-- Your task --
From the line with "While Chinese brands" to the line with "Зимние ботинки Jeep", output every line below exactly, both ends included. Skip the pictures.

-- Data to process --
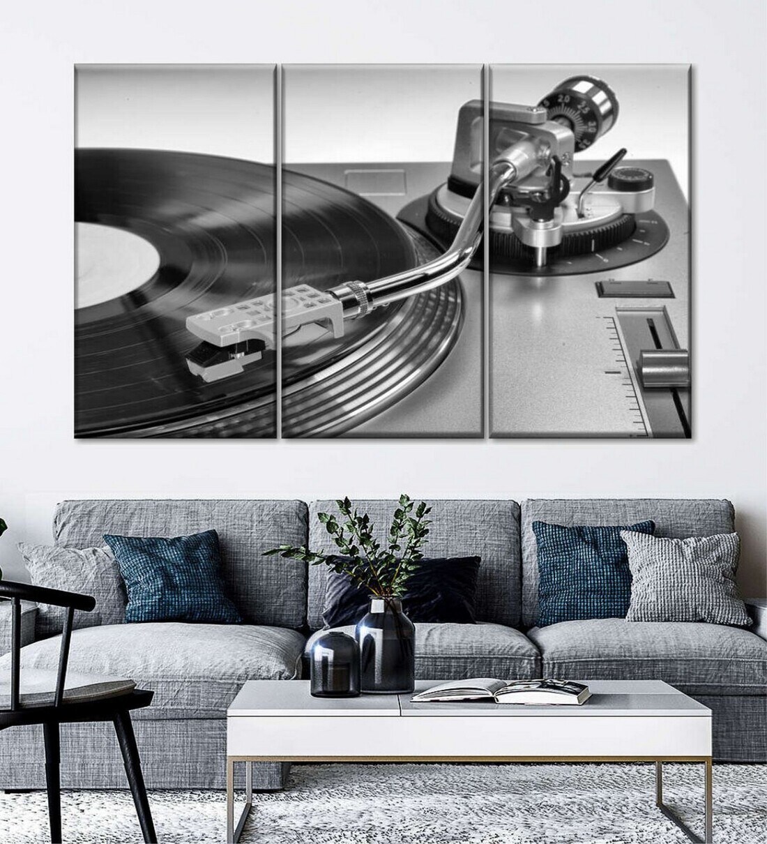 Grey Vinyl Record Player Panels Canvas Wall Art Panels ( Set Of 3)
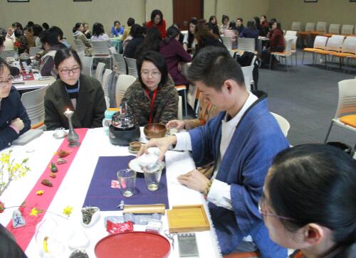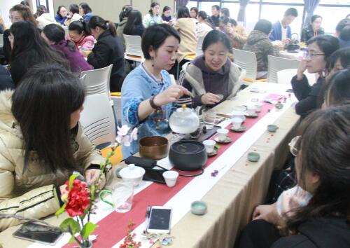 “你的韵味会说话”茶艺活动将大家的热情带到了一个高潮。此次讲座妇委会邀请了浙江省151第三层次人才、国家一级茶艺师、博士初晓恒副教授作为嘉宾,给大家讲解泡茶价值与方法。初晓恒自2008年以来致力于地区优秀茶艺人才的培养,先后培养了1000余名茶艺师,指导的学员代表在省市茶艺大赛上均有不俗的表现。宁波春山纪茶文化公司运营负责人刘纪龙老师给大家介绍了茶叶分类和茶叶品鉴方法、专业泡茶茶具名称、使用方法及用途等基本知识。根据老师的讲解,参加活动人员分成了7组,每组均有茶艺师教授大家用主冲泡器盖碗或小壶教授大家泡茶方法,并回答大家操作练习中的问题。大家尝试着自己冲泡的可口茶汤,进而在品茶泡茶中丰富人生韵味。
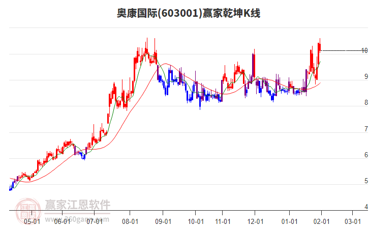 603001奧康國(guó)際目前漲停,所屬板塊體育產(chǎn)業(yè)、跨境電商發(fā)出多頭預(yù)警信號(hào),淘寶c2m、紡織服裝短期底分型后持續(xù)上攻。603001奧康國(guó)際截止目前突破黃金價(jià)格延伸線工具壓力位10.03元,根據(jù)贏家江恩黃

---

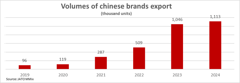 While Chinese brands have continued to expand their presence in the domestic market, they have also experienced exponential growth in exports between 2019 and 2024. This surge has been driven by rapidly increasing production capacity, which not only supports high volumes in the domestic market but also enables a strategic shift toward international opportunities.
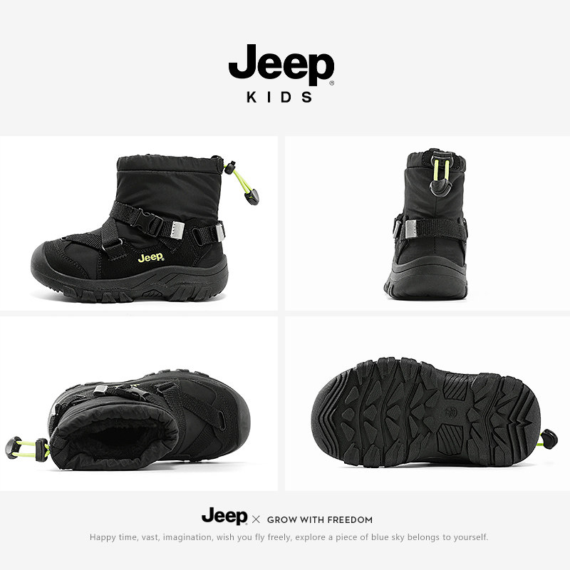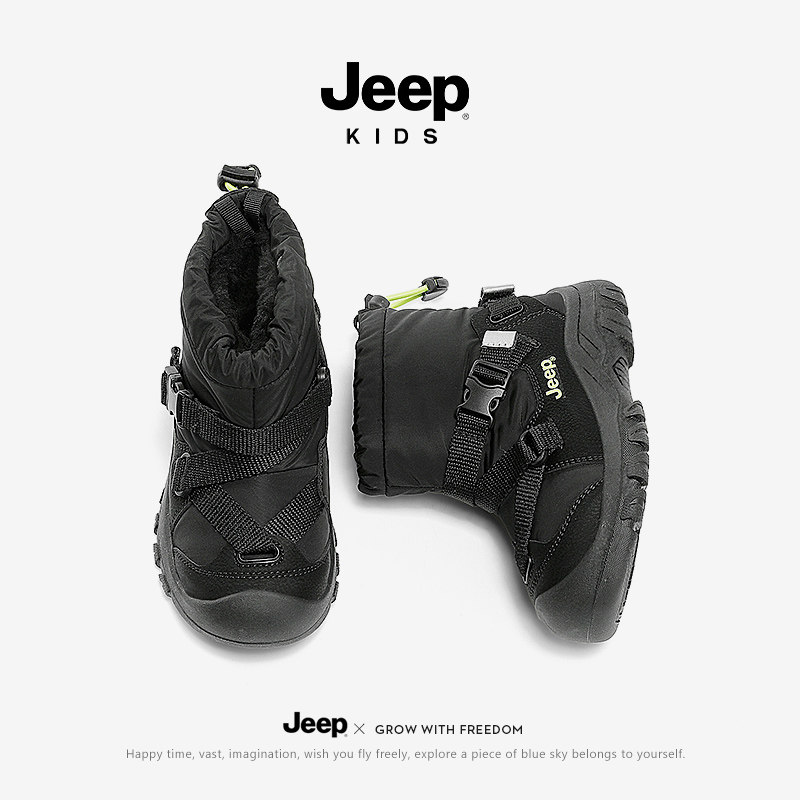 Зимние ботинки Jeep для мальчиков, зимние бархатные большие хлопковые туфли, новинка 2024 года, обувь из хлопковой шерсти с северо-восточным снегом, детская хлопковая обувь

==

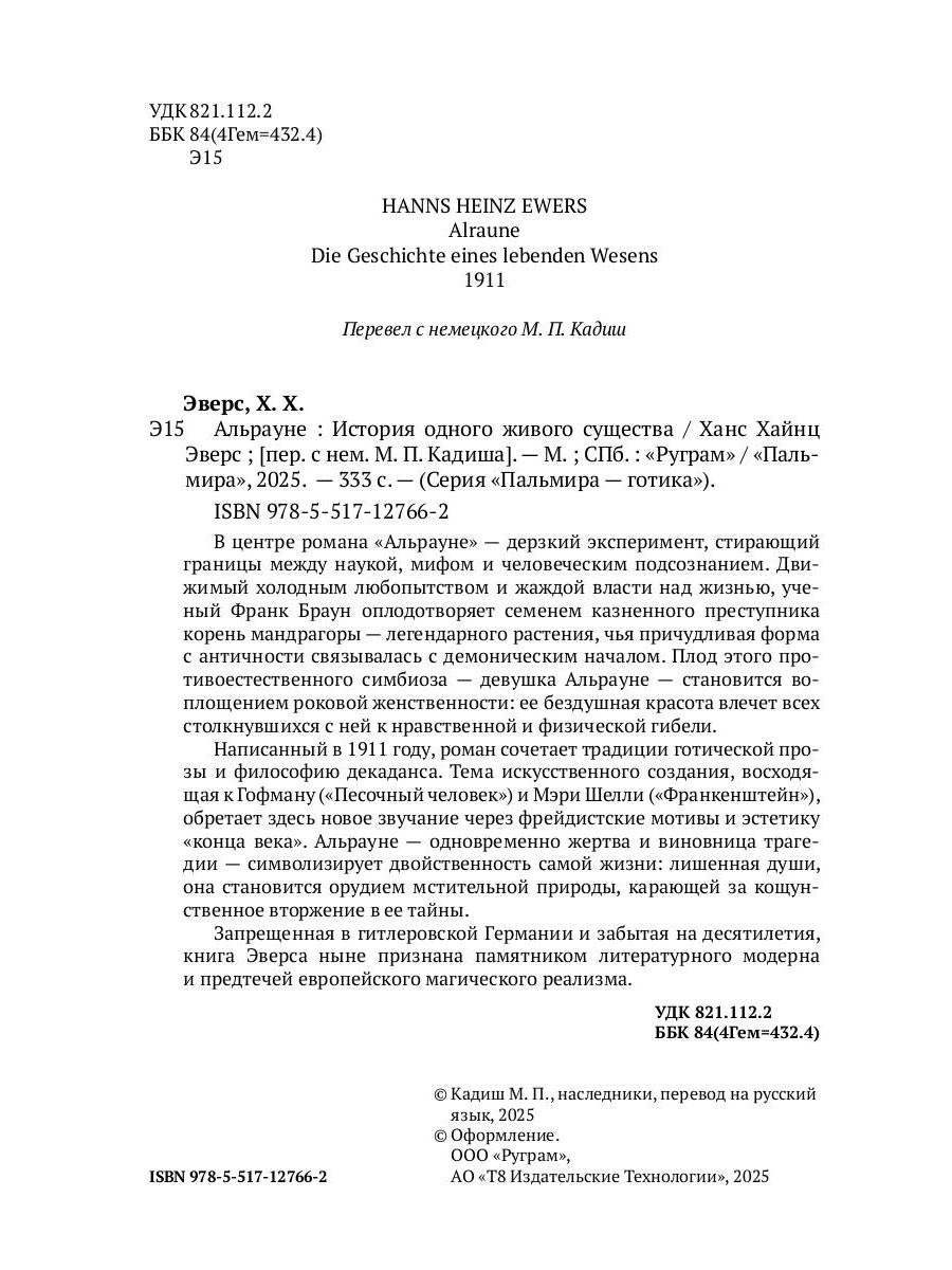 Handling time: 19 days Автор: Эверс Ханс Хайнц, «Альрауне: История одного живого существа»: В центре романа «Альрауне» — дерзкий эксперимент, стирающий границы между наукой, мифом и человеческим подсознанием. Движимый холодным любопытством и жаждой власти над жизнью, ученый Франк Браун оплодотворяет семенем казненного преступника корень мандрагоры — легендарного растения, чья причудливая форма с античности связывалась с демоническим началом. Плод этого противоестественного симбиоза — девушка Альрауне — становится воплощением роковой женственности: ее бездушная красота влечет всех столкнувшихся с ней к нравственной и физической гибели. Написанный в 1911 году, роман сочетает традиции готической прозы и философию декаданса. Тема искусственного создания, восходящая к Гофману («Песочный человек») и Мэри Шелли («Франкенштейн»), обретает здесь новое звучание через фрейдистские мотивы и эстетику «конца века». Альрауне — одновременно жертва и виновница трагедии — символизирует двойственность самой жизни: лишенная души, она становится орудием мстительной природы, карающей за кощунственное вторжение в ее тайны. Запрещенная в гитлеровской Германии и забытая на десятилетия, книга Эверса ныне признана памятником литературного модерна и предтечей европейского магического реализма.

-- Response box --
 While Chinese brands have continued to expand their presence in the domestic market, they have also experienced exponential growth in exports between 2019 and 2024. This surge has been driven by rapidly increasing production capacity, which not only supports high volumes in the domestic market but also enables a strategic shift toward international opportunities.
 Зимние ботинки Jeep для мальчиков, зимние бархатные большие хлопковые туфли, новинка 2024 года, обувь из хлопковой шерсти с северо-восточным снегом, детская хлопковая обувь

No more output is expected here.